Nasuhi GÜNGÖR
Nasuhi GÜNGÖR
ngungor@stargazete.com
Tüm Yazıları

Almanya ve Suriye

Almanya’da yaşanan yangın faciasının ardından devam eden tartışmalar, söz konusu olayın bir kaza olup olmadığı üzerinden devam ediyor. Dolayısıyla da kesinlikle yanlış bir mecrada ilerliyor.

Sekiz vatandaşımızın hayatını kaybetmesiyle sonuçlanan yangının, bir sabotaj mı, yoksa Alman polisinin daha yangın devam ederken yaptığı açıklamada olduğu üzere ‘elektrik kontağından kaynaklanan bir kaza’ olup olmadığını tartışırken, benzeri olayların tarihçesi üzerinden hareket etmek çok daha sağlıklı bir yaklaşım olabilir.

Güncel olan hadisenin bir kaza olduğu yönündeki Alman resmi görüşü şaşırtıcı değil.

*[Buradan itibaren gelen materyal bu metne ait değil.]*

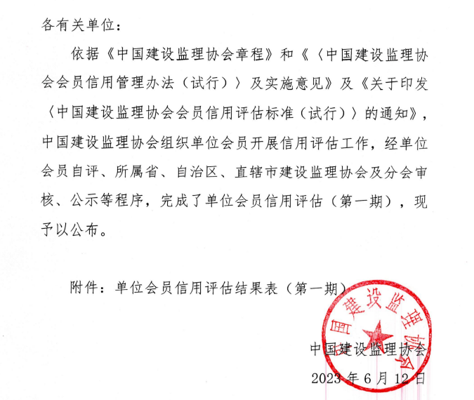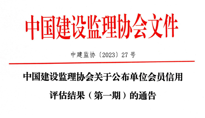 喜訊,我司榮獲中國建設監(jiān)理協(xié)會單位會員信用評估AAA級。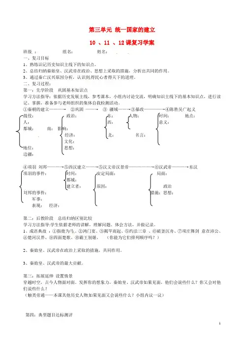 第三单元统一国家的建立10 、11 、12课复习学案班级:_________ 组名:_________ 姓名:_________一、复习目标1、熟练识记历史知识主线下的知识点。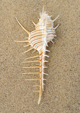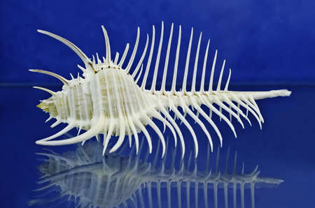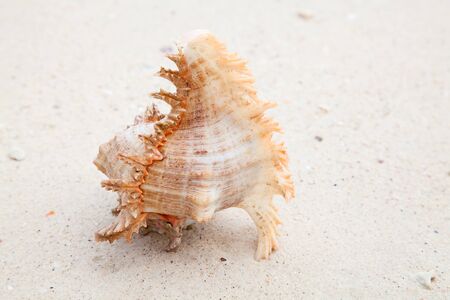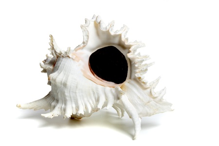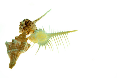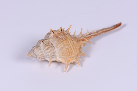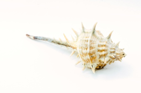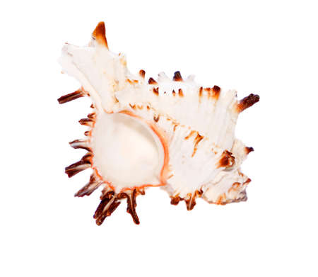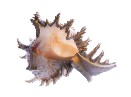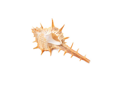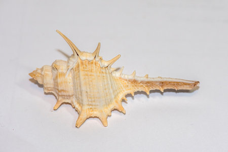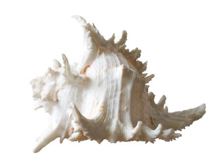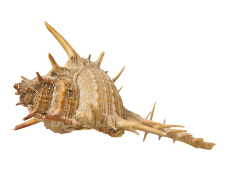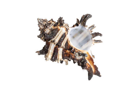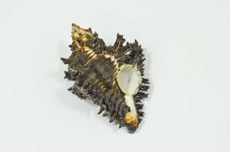 Shell of Murex Altispira or Caltrop Murex is a species sea snail, marine gastropod mollusk isolated on white background with clipping paths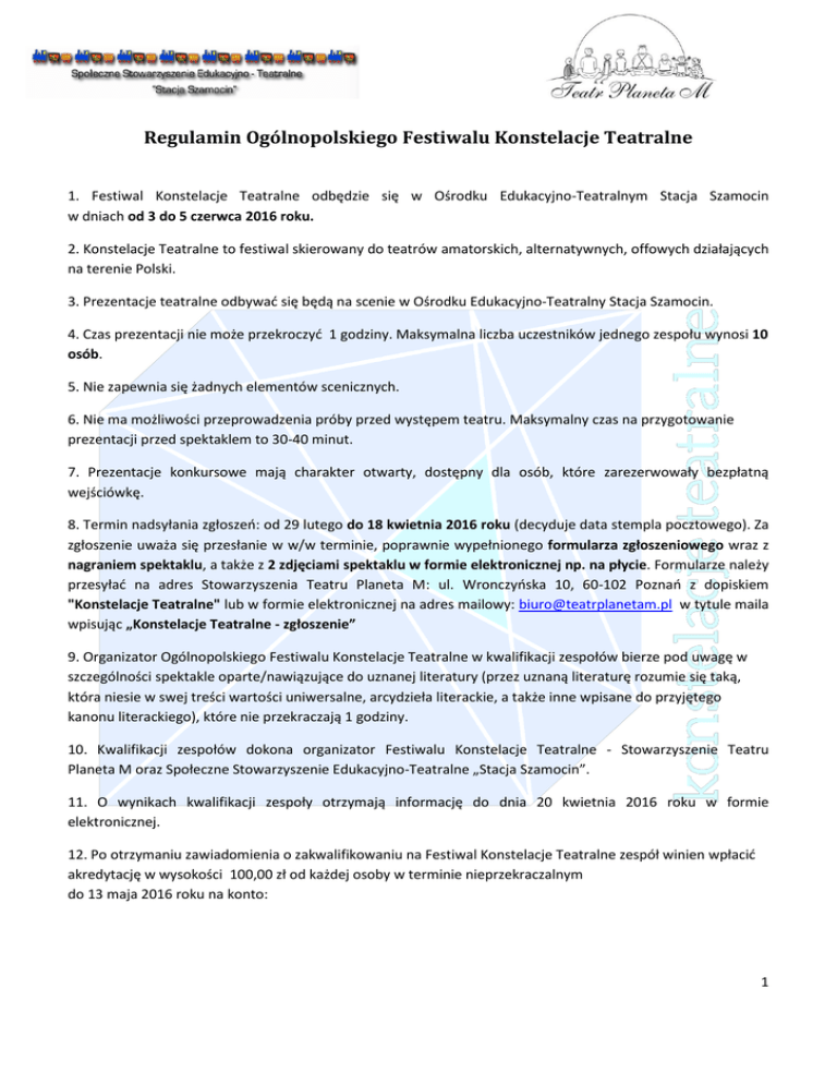 Regulamin Ogólnopolskiego Festiwalu Konstelacje Teatralne 1. Festiwal Konstelacje Teatralne odbędzie się w Ośrodku Edukacyjno-Teatralnym Stacja Szamocin w dniach od 3 do 5 czerwca 2016 roku. 2. Konstelacje Teatralne to festiwal skierowany do teatrów amatorskich, alternatywnych, offowych działających na terenie Polski. 3. Prezentacje teatralne odbywać się będą na scenie w Ośrodku Edukacyjno-Teatralny Stacja Szamocin. 4. Czas prezentacji nie może przekroczyć 1 godziny. Maksymalna liczba uczestników jednego zespołu wynosi 10 osób. 5. Nie zapewnia się żadnych elementów scenicznych. 6. Nie ma możliwości przeprowadzenia próby przed występem teatru. Maksymalny czas na przygotowanie prezentacji przed spektaklem to 30-40 minut. 7. Prezentacje konkursowe mają charakter otwarty, dostępny dla osób, które zarezerwowały bezpłatną wejściówkę. 8. Termin nadsyłania zgłoszeń: od 29 lutego do 18 kwietnia 2016 roku (decyduje data stempla pocztowego). Za zgłoszenie uważa się przesłanie w w/w terminie, poprawnie wypełnionego formularza zgłoszeniowego wraz z nagraniem spektaklu, a także z 2 zdjęciami spektaklu w formie elektronicznej np. na płycie. Formularze należy przesyłać na adres Stowarzyszenia Teatru Planeta M: ul. Wronczyńska 10, 60-102 Poznań z dopiskiem "Konstelacje Teatralne" lub w formie elektronicznej na adres mailowy: [email protected] w tytule maila wpisując „Konstelacje Teatralne - zgłoszenie” 9. Organizator Ogólnopolskiego Festiwalu Konstelacje Teatralne w kwalifikacji zespołów bierze pod uwagę w szczególności spektakle oparte/nawiązujące do uznanej literatury (przez uznaną literaturę rozumie się taką, która niesie w swej treści wartości uniwersalne, arcydzieła literackie, a także inne wpisane do przyjętego kanonu literackiego), które nie przekraczają 1 godziny. 10. Kwalifikacji zespołów dokona organizator Festiwalu Konstelacje Teatralne - Stowarzyszenie Teatru Planeta M oraz Społeczne Stowarzyszenie Edukacyjno-Teatralne „Stacja Szamocin”. 11. O wynikach kwalifikacji zespoły otrzymają informację do dnia 20 kwietnia 2016 roku w formie elektronicznej. 12. Po otrzymaniu zawiadomienia o zakwalifikowaniu na Festiwal Konstelacje Teatralne zespół winien wpłacić akredytację w wysokości 100,00 zł od każdej osoby w terminie nieprzekraczalnym do 13 maja 2016 roku na konto: 1 Bank Zachodni WBK 39 1090 2734 0000 0001 1933 6354 z dopiskiem „Festiwal Konstelacje Teatralne – akredytacja-nazwa teatru” 13. Jest możliwość uczestniczenia w festiwalu jako obserwator. Termin zgłoszenia do 20 maja 2016 r. Do 25 maja 2016r. należy uiścić opłatę akredytacyjną w wysokości 200,00 zł na konto podane w pkt. 11 regulaminu. Ilość obserwatorów ograniczona. W kwocie akredytacji jest nocleg, wyżywienie, a także dostęp do wszystkich prezentacji konkursowych oraz imprez towarzyszących. 14. Organizatorzy Festiwalu Konstelacje Teatralne przewidują nagrody pieniężne, rzeczowe w wysokości 2000,00 zł dla zwycięzców konkursu, a także statuetki Konstelacji Teatralnych dla pierwszych trzech miejsc, nagrodę publiczności oraz nagrody specjalne. 15. Nagrody zostaną wręczone podczas uroczystej gali ostatniego dnia festiwalu. Obecność wszystkich uczestników obowiązkowa. 16. Organizator zapewnia uczestnikom Konstelacji Teatralnych: - noclegi (2), - wyżywienie [śniadania (2), obiadokolacje (3)], - udział w omówieniach i konsultacjach prowadzonych przez członków Jury, - udział we wszystkich spektaklach konkursowych, - udział w spektaklach gościnnych i imprezach towarzyszących, - materiały informacyjno-promocyjne. 17. Na festiwal będą przyjmowane zespoły składające się z uczestników, którzy mają ukończone przynajmniej 13 lat. Uczestnicy poniżej 18-stego roku życia zobowiązani są do otrzymania pisemnej zgody od rodzica/prawnego opiekuna na udział w festiwalu. Formularz zgody do pobrania ze strony internetowej www.teatrplanetam.pl 18. Organizatorzy nie zwracają uczestnikom kosztów podróży. 19. Każdy uczestnik powinien zabrać ze sobą na festiwal starą książkę na wymianę z innym uczestnikiem. 20. W sprawach nie ujętych w niniejszym regulaminie decydują Organizatorzy, mając na uwadze pełne zaspokojenie potrzeb uczestników Konstelacji Teatralnych (w miarę posiadania możliwości technicznych i organizacyjnych). 21. Biuro Organizacyjne: Stowarzyszenie Teatru Planeta M ul. Wronczyńska 10 60-102 Poznań tel. 725-690-601 e-mail: [email protected] 2

Olayın ardından ‘geniş kapsamlı’ bir soruşturma başlatılması, yine daha önceki benzer soruşturmaların seyrine bakıldığında daha şimdiden sonucu belli gibi görünse de, Türkiye tarafında soruşturmanın sonucunu yakından takip etme konusunda bir eğilim var.

Ankara’dan, gerekirse soruşturmanın bizzat içinde yer alınabileceği yönünde bir görüş bildirildi. Alman makamlarından buna sıcak bir cevap gelme ihtimali hayli zayıf olsa da önemli bir hamle.

Biraz geç olsa da Türkiye medyasının olayın üzerine gitmesinin sürece katkısı olduğundan kuşku yok. Ancak bu ilgiyi sahici ve kalıcı hale getirmeden, gerçek bir lobi gücünden bahsetmek kolay değil.

***

Diğer yandan asıl sorun, hali hazırda Türkiye ile bir şekilde bağı olan milyonlarca insanın mevcut sorunları ve gelecekleri üzerinde kafaların hayli karışık olması.

Son zamanlarda bu konuları ele alırken, sık sık Türkiye’nin bu konuyla daha aktif ilgilenmesinin önemine değindim. Buradaki kastım, sadece kurumsal anlamda bir devlet politikasının oluşturulması değil. Hatta aksine bu konuda atılacak adımlar, kurumsal anlamda devletten bağımsız olduğu sürece daha güçlü ve kalıcı olabilir.

Bu tespit bizi dönüp dolaştırıp Türkiye’nin ‘yumuşak güç’ unsurlarına getiriyor. Yakın bir tarihe kadar neredeyse burnunun dibinde sayılacak alanlardaki tarihsel bağlarını, ilgilerini ve ortak kader algısını yitiren bir ülkenin, binlerce kilometre uzaktaki insanlarıyla ilgilenirken şaşkınlık yaşaması ve bocalaması da son derece normal.

Şimdi Türkiye kendi doğal sınırlarında ilgilerini artıran, hamle ve operasyon gücünü yükselten bir ülke olarak varlığını hissettiriyor. Bugün Irak ve Suriye başta olmak üzere geniş bir alanda Ankara’nın ne düşündüğü ve ne yapmak istediği dikkate alınıyor, ciddiyetle hesaba katılıyor. Bunun karşı hamleleri de hızla gelişiyor kuşkusuz. Bu etkinliği daha yolun başında kırmak isteyenler, ülke içinden dışına kadar hemen her alanda Türkiye’ye karşı pek çok operasyon peşinde.

O nedenle sözgelimi Almanya’da yahut benzeri bir yerde ortaya çıkan bir olayı, sıradan bir iç çatışmanın yansıması gibi görmek son derece yanıltıcı. Tam aksine tüm bunlar büyük resimde çok daha derin bir hesaplaşmanın parçası olabilir.

Sonuçta neresinden bakarsanız bakın, Türkiye artık sınırlarına hapsolmuş, kolayca sindirilebilen ülke değil. Tam da bu nedenle Almanya’da yaşanan olayla ilgili tepkisi geçmişten çok farklı oldu. Bundan sonra da daha farklı gelişecektir, gelişmek zorunda.

Şunu not edelim. Suriye konusunda sözü geçen Türkiye, Almanya’daki vatandaşlarına herkesin istediği gibi operasyon yapabildiği bir ülke olamaz, olmamalı. O nedenle Türkiye’nin dış politikada ne yapıp ettiğini konuşurken, aralarında hiçbir bağ yokmuş gibi görünen hadiselere biraz daha yakından bakmakta yarar var.